Re: [RFC PATCH v3 0/4] Support large folios for tmpfs

[Date Prev][Date Next][Thread Prev][Thread Next][Date Index][Thread Index]

 



On 05.11.24 13:45, Baolin Wang wrote:


On 2024/10/31 18:46, David Hildenbrand wrote:
[snip]

I don't like that:

(a) there is no way to explicitly enable/name that new behavior.

But this is similar to other file systems that enable large folios
(setting mapping_set_large_folios()), and I haven't seen any other file
systems supporting large folios requiring a new Kconfig. Maybe tmpfs is
a bit special?

I'm afraid I don't have the energy to explain once more why I think
tmpfs is not just like any other file system in some cases.

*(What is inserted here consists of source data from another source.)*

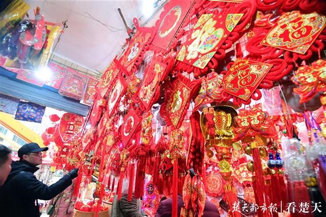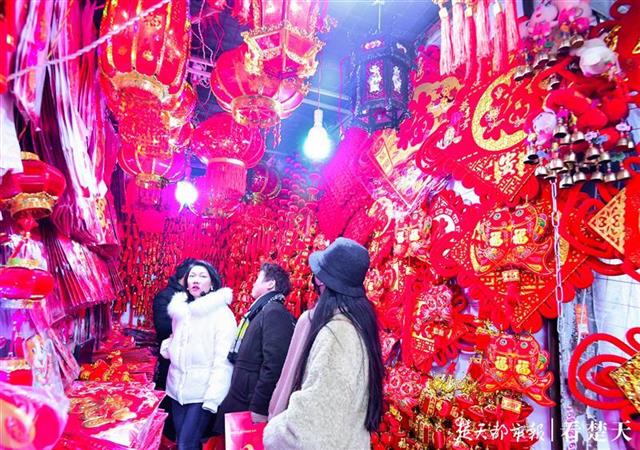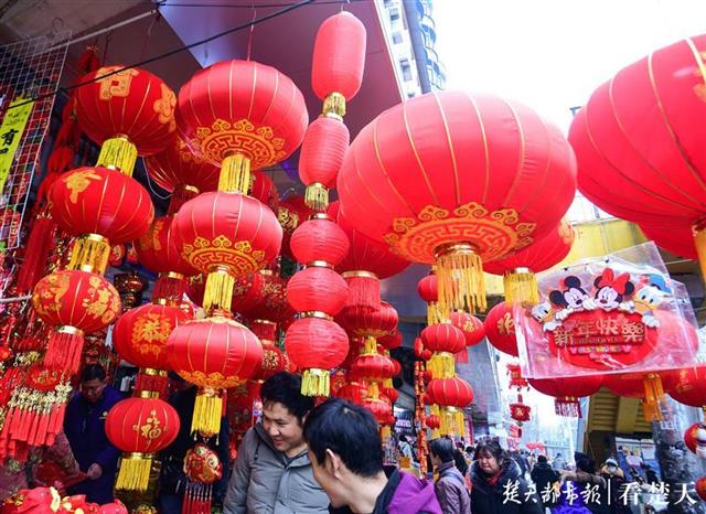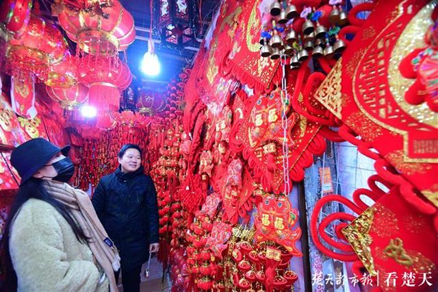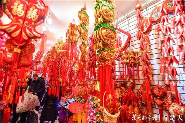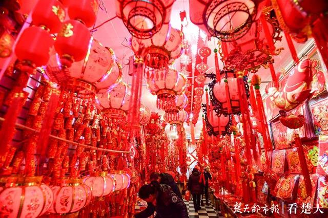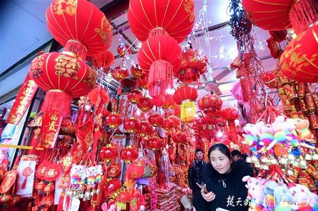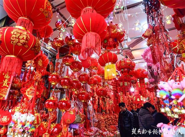 1月16日,在汉口集家嘴,汉正街市场大量的商铺挂出的红中国结、灯笼、电鞭炮,火红一遍,呈现红红火火的中国红,节日气氛浓烈。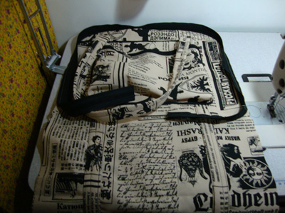 com os 4 cantos feitos, coloque vies em volta do bolso.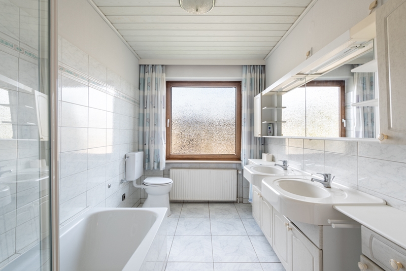 - Weißes Tageslichtbad mit Badewanne, separater Dusche mit Echtglasduschabtrennung und Doppelwaschtisch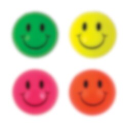 Neonkleurige stuiterballen met leuke Smiley-afbeeldingen. Perfect om in het uitdeelzakje te stoppen. De stuiterballen hebben een doorsnede van ongeveer 3 cm.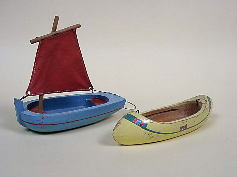 DIVERS Petit bateau de plaisance en bois peint bleu & rouge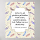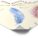 A typography design with an inspirational motivational message. The quote says: listen to all, plucking a feather from every passing goose, but, follow no one absolutely. The background is a watercolor feather pattern with a cream background. The quotation is set on a frame with a gold gradient border and a white centre.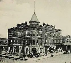 Shortly after the train of Checotah men pulled out of town, a former deputy US marshal named "General" Dunlap decided to seek out and arrest the county clerk, Edward C. Julian, who was suspected of collaborating with Jones and his raiders. Dunlap, who was reported to have been drinking before attempting to make the arrest, then headed for the hotel in the Foley Building, which is located at the same intersection the Checotah raiders had occupied. Dunlap soon found Julian's room on the third floor, but the latter was ready for any trouble.[1][2]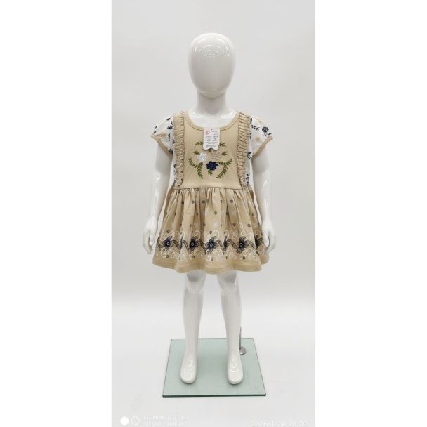 This adorable beige cotton dress is perfect for your little one. Designed with a charming floral pattern and a comfortable A-line silhouette, it's an ideal choice for everyday wear or special occasions. The dress combines style and comfort, making it a delightful addition to any child's wardrobe.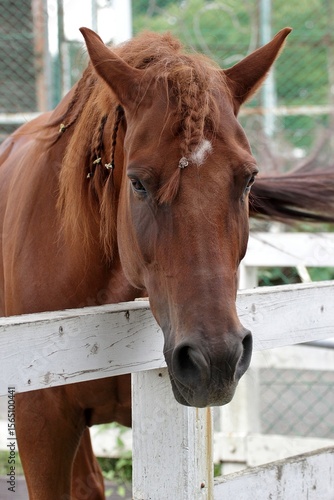たてがみを三つ編みにした馬の顔のアップ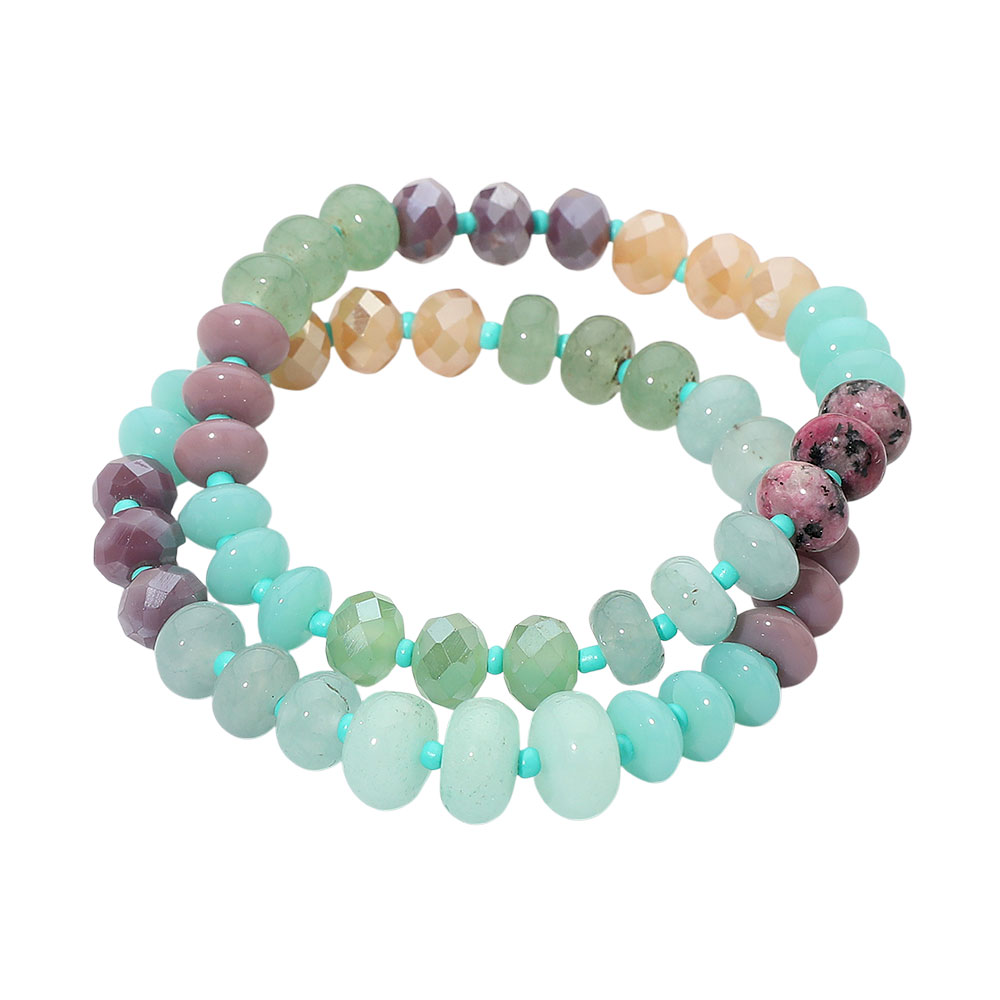 2PCS - Faceted Pebble Beaded Stretch Multi Layered Bracelets 2PCS - Faceted Pebble Beaded Stretch Multi Layered Bracelets 2PCS - Faceted Pebble Beaded Stretch Multi Layered Bracelets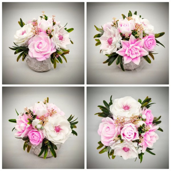 Szappanvirág csokor - pink-fehér szappanvirág csokor - fehér kőkaspóban Kézzel készített, illatos szappan csokrok, asztali díszek, egyedi szappanok és fürdősók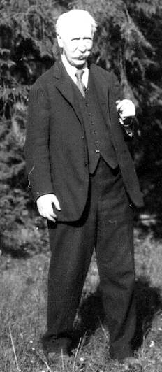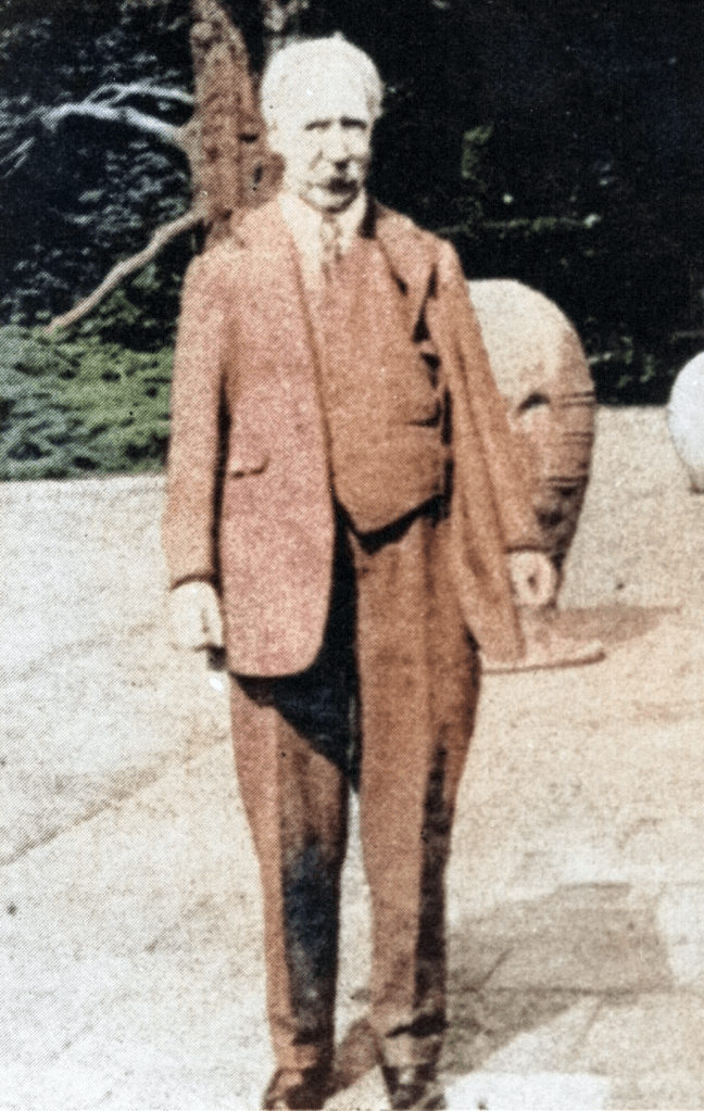 George Moore full-length on a paved terrace at the home of his friends Charles and Mary Hunter.

And distributions are rather careful when it comes to something like
this ...


If we all agree that tmpfs is a bit special when using huge pages, then
fine, a Kconfig option might be needed.

(b) "always" etc. are only concerned about PMDs.

Yes, currently maintain the same semantics as before, in case users
still expect THPs.

Again, I don't think that is a reasonable approach to make PMD-sized
ones special here. It will all get seriously confusing and inconsistent.

I agree PMD-sized should not be special. This is all for backward
compatibility with the ‘huge=’ mount option, and adding a new kconfig is
also for this purpose.

THPs are opportunistic after all, and page fault behavior will remain
unchanged (PMD-sized) for now. And even if we support other sizes during
page faults, we'd like start with the largest size (PMD-size) first, and
it likely might just all work better than before.

Happy to learn where this really makes a difference.

Of course, if you change the default behavior (which you are planning),
it's ... a changed default.

If there are reasons to have more tunables regarding the sizes to use,
then it should not be limited to PMD-size.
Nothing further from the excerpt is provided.